Discussed in the last meeting about CMS tape staging test. Here are some numbers, one should note though

Test done with reading - assumes same performance for writing
Fraction is about the fraction in WLCG Tape pledge
- Actual distribution depends on assignment of primary datasets
Assume no big interference with other VOs
CMS does plans only on moderate staging from tape during data taking

Site	Pledged Tape(PB)	Share	Expected Rate(MB/s)
FNAL	30	43%	650
CNAF	10	14%	210
JINR	5	10%	150
KIT	7.5	10%	150
RAL	6	9%	135
IN2P3	5.6	9%	135
PIC	3.8	5%	75

Pepe asked if CMS could add to the table the observed rates; Christoph will consider it; anyway, so far sites have met their targets.

LHCb

Operations
- "Run1 Legacy stripping" finished; Data validation
VOMRS migration. Some problems under investigation.
Other
- FC Migration from LFC to DFC (DIRAC File Catalog) finished successfully. Small issues should be fixed in coming patch release.

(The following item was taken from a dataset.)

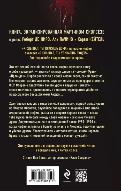 «Я слышал, ты красишь дома» — на языке мафии значит «Я слышал, ты убиваешь людей». Под «краской» подразумевается кровь. Это тот случай, когда боссы мафии признали книгу о себе правдивой, — штатный киллер одной из «семей» Фрэнк «Ирландец» Ширан рассказал о своей жизни перед смертью. Его истории, затаив дыхание, слушали опытные прокуроры и агенты ФБР. Впервые преступник такого уровня нарушил «омерту» — закон молчания.

Feedback on proposal for an HTTP deployment task force.

Stefan announced the support for the initiative and that a member of LHCb has been appointed to participate.

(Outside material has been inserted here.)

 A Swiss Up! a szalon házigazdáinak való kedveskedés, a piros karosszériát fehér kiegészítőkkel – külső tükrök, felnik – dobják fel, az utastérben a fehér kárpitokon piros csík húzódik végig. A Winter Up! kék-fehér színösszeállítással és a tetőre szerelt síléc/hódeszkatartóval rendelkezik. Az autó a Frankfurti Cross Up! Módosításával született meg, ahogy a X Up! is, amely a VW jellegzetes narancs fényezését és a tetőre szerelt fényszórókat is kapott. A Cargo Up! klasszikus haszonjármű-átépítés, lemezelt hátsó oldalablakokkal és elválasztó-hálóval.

Christoph said that the initiative is interesting for CMS though CMS needs are not as advanced as for the other experiments. He thinks that a working group would be more appropriate. Nobody has been yet appointed to participate but a candidate exists and he should be able to start working on it from June.

Maarten said ALICE are not interested.

Alessandro said that ATLAS is already practically contributing to this kind of activity and the person involved will continue. If needed more names can be found; ATLAS supports the initiative.

Michael and Pepe expressed the interest of BNL and PIC in participating. Oliver clarified that there should be participation from sites, as the verification of the HTTP setup is a very typical question.

Given the overall positive feedback, Oliver will start the process for the HTTP deployment task force creation and will prepare the mandate, the goals, and a mailing list.

The general agreement is to have a task force rather than a working group to be able to work with what exists today in a reasonably short time scale.

Ongoing Task Forces and Working Groups

gLExec Deployment TF

gLExec in PanDA:
- testing campaign is covering 63 sites so far (+9)
  - including almost all of the big sites in EGI, plus BNL in OSG
  - a few sites are being debugged, the rest are OK

Even if there is no strong deadline, it should be good to finish the testing campaign by spring.

RFC proxies

there will be a presentation about RFC proxies in next week's GDB
all MW should already support them since a long time
- we got that "for free" with the SHA-2 deployment
what is the status of RFC proxy usage per experiment?
- ALICE are switching WLCG VOBOXes at their sites to RFC proxies; should soon be done
- ATLAS are using RFC proxies to some extent (?)
- CMS users are using RFC proxies since months
- LHCb ?
SAM-Nagios needs an easy fix in the proxy renewal sensor code to support RFC proxies
what else?
the idea is to make RFC proxies the default later this year
to create RFC proxies today:
- voms-proxy-init -rfc .....
- myproxy-init needs GT_PROXY_MODE=rfc in its environment

Alessandro will check if the issues which existed in the past and made ATLAS keep using legacy proxies are still there. Similarly, Stefan will check whether DIRAC is compatible with RFC proxies.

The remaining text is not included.